Find lim$_{x \to 0}\left(\frac{1}{x} - \frac{\cos x}{\sin x}\right).$ $$\lim_{x \to 0} \left(\frac{1}{x} - \frac{\cos x}{\sin x}\right) = \frac{\sin x - x\cos x}{x\sin x}=  \frac{0}{0}.$$
L'Hopital's: $$\lim_{x \to 0} \frac{f'(x)}{g'(x)} = -\frac{1}{x^2} + \frac{1}{\sin ^2x} = \frac{0}{0}.$$
Once again, using L'Hopital's: $$\lim_{x \to 0} \frac{f''(x)}{g''(x)} = \frac{2}{x^3}- \frac{2\cos x}{\sin ^3x} = \frac{0}{0}\,\ldots$$ The terms are getting endless here. Any help? Thanks. 
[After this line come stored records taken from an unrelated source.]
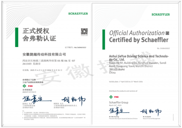 安徽捷越传动科技有限公司作为一级授权经销商,多年来一直专注FAG/INA轴承的销售与服务,主营立磨轴承、减速机轴承、辊压机轴承、回转窑轴承、破碎机轴承等FAG/INA轴承。我们的宗旨是为员工和客户提供超预期的满意和服务,在长期跟随企业快速发展时,不仅收获财富与成长,也收获温馨和快乐。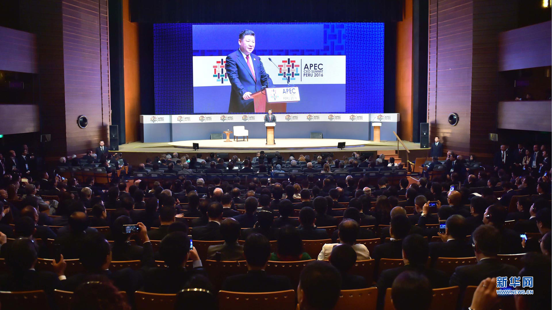 11月19日,2016年亞太經(jīng)合組織工商領(lǐng)導人峰會在秘魯利馬舉行。國家主席習近平應(yīng)邀出席并發(fā)表題為《深化伙伴關(guān)系 增強發(fā)展動力》的主旨演講。 新華社記者 蘭紅光 攝2016-11-20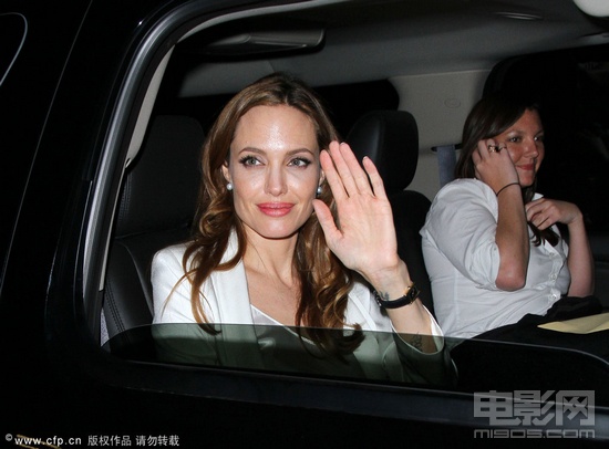 朱莉助阵国际妇女首脑会议 白色西装变身性感OL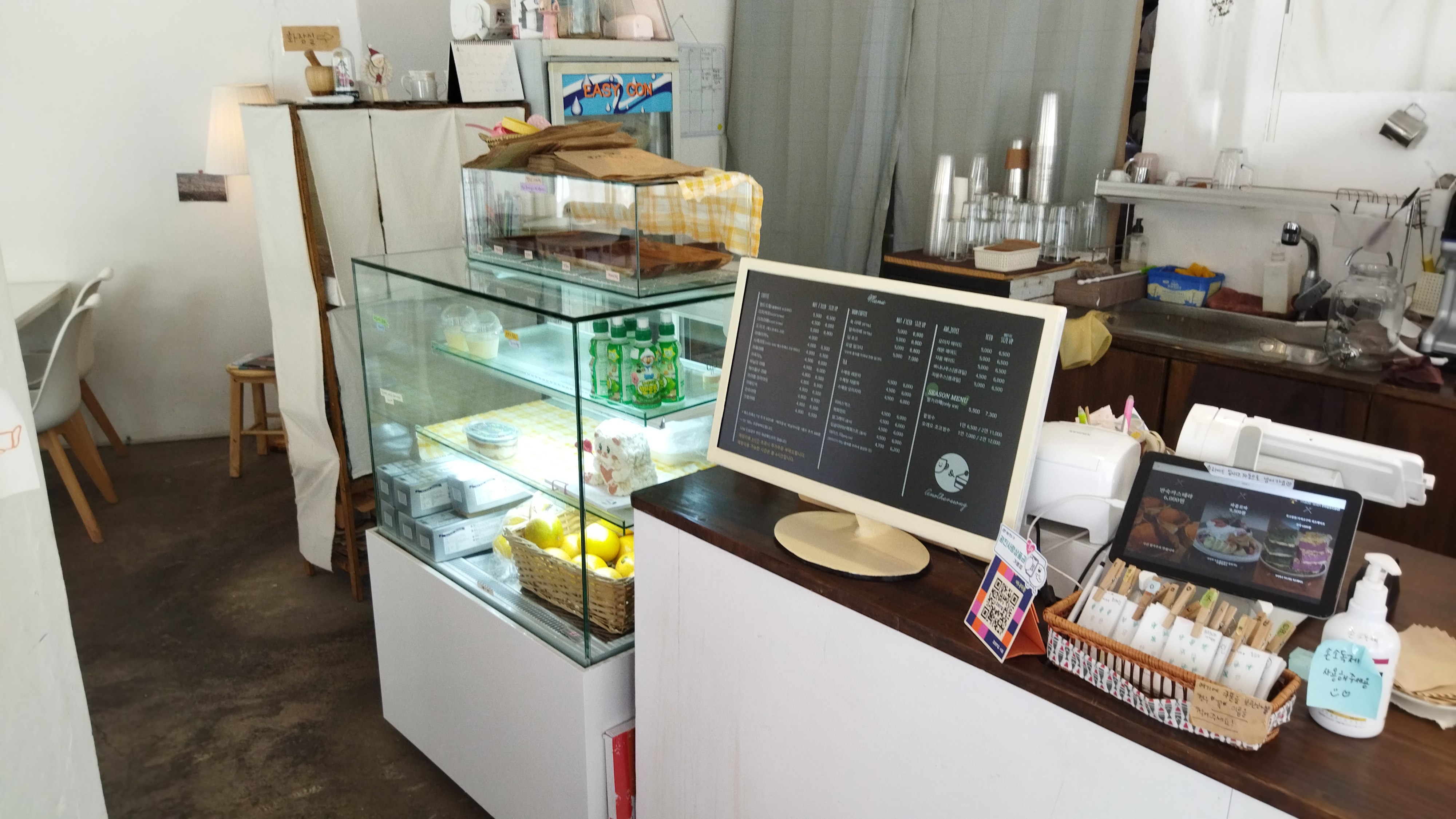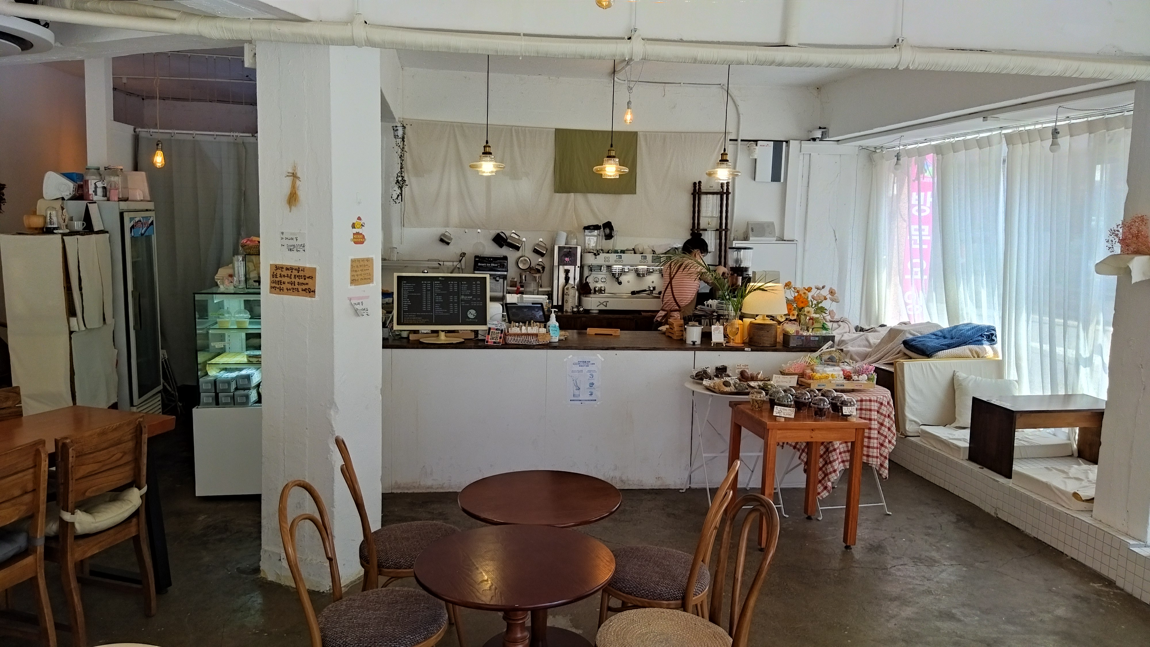 소소하고 효율적인 인테리어에 빵도 함께 팔고 있다.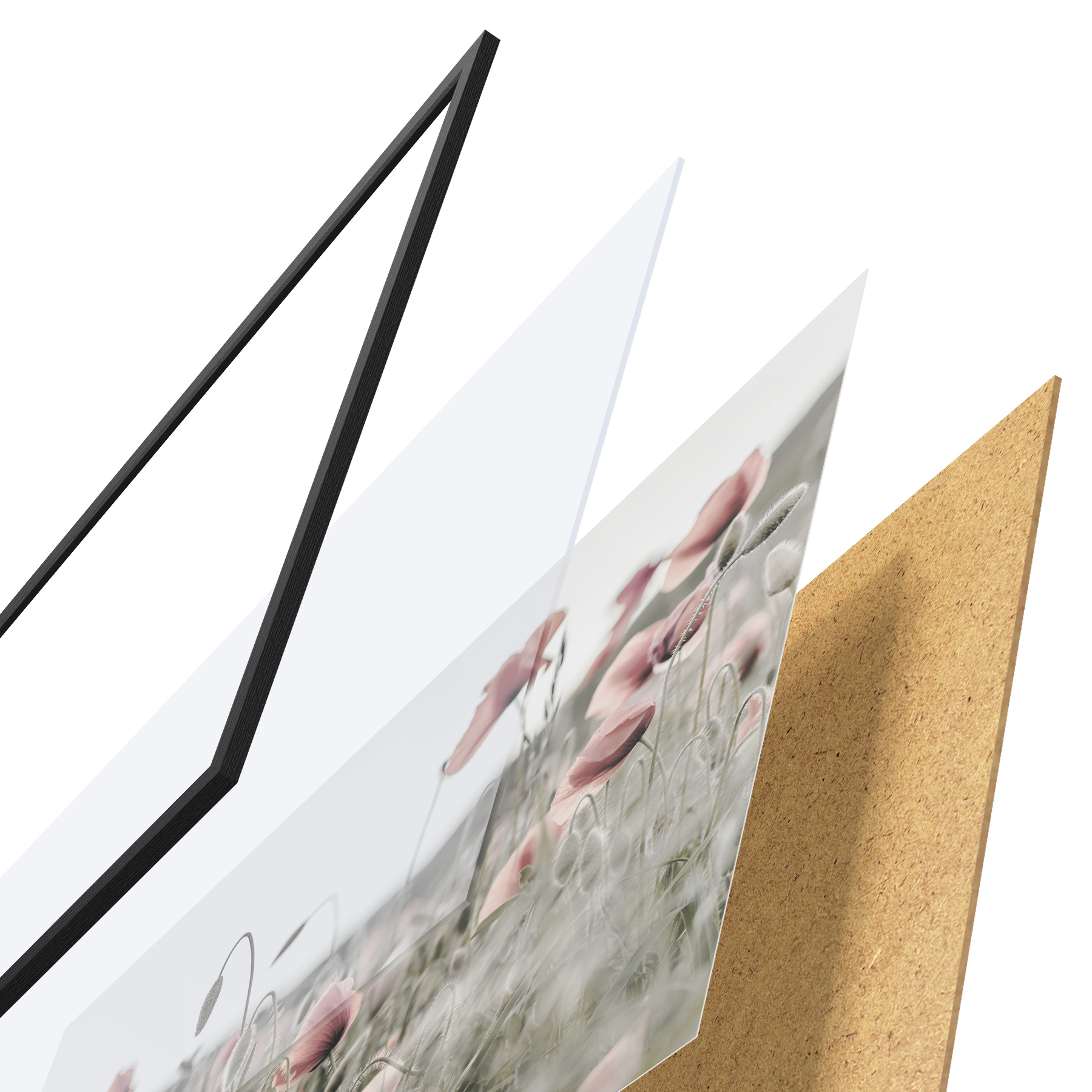 De poster bestaat uit een frame, plexiglas, geprinte afbeelding en spaanplaat achterkant. De poster kan meteen aan de muur worden gehangen dankzij de bevestigingen op de achterkant.

 A: $$\begin{align}\lim_{x\to 0}\frac{\sin x-x\cos x}{x\sin x}&=\lim_{x\to 0}\frac{\cos x-(\cos x-x\sin x)}{\sin x+x\cos x}\\&=\lim_{x\to 0}\frac{x\sin x}{\sin x+x\cos x}\\&=\lim_{x\to 0}\frac{x}{1+\frac{x}{\sin x}\cdot \cos x}\\&=\frac{0}{1+1\cdot 1}\end{align}$$
A: Learn to love asymptotics;
$$\frac {\tan x - x}{x \tan x} \sim \frac{x + x^3/3 - x}{x^2} \sim x/3 \to 0$$
A: Use Taylor-MacLaurin at order $2$:
\begin{align*}\frac1x - \frac{\cos x}{\sin x}&=\frac1x - \frac{1-\dfrac{x^2}2+o(x^2)}{x-\dfrac{x^3}6+o(x^3)}=\frac1x-\frac1x\left(\frac{1-\smash[t]{\dfrac{x^2}2}+o(x^2)}{1-\smash[b]{\dfrac{x^2}6}+o(x^2)}\right)\\&=\frac1x-\frac1x\Bigl(1-\frac{x^2}3+o(x^2)\Bigr)= \frac x3+o(x)\underset{x\to 0}{\longrightarrow} 0.\end{align*}
A: $\lim_{x \to 0}\frac{\sin(x)-x\cos(x)}{x\sin(x)}=\lim_{x \to 0}\frac{\cos(x)-\cos(x)+x\sin(x)}{\sin(x)+x\cos(x)}=\lim_{x \to 0}\frac{\sin(x)}{\frac{\sin(x)}{x}+\cos(x)}=0$
A: You have
$$
-\frac{1}{x^2} + \frac{1}{\sin ^2x}
$$
You can't apply L'Hopital's rules to either of the two fractions above since the numerators do not approach $0$ or $\pm\infty$.  But you can first add the fractions and then use L'Hopital's rule:
$$
-\frac{1}{x^2} + \frac{1}{\sin ^2x} = \frac{-\sin^2 x + x^2}{x^2\sin^2 x}
$$
A: $$\lim_{x\to 0} \frac{1}{x}-\frac{\cos(x)}{\sin(x)}=\lim_{x\to 0} \frac{1}{x}-\frac{1}{\tan(x)}=\lim_{x\to 0} \frac{1}{x}-\frac{1}{x+\frac{x^3}{3}+O(x^5)}=\lim_{x\to 0}\frac{1}{x}-\frac{1}{x}=0$$
A: Since no one mentioned it, I will go for the overkill. $\cot z$ is a meromorphic function on the complex plane and $\frac{1}{z}$ is exactly its singular part in the origin, since:
$$ \sin z = z \prod_{n\geq 1}\left(1-\frac{z^2}{n^2\pi^2}\right)\tag{1} $$
implies:
$$ \log \sin z = \log z + \sum_{n\geq 1}\log\left(1-\frac{z^2}{n^2\pi^2}\right)\tag{2} $$
then:
$$ \cot z = \frac{1}{z}-\sum_{n\geq 1}\frac{2z}{n^2\pi^2-z^2}\tag{3} $$
as well as:
$$ \frac{1}{z}-\cot z = 2z\sum_{n\geq 1}\frac{1}{\pi^2 n^2-z^2}=2z\left(\frac{\zeta(2)}{\pi^2}+\frac{\zeta(4)}{\pi^4}z^2+\frac{\zeta(6)}{\pi^6}z^6+\ldots\right)\tag{4}$$
so the wanted limit is just zero. By the way, the last formula allows us to compute the values of the zeta function over the positive even integers in terms of the derivatives of $z\cot z$ at $z=0$.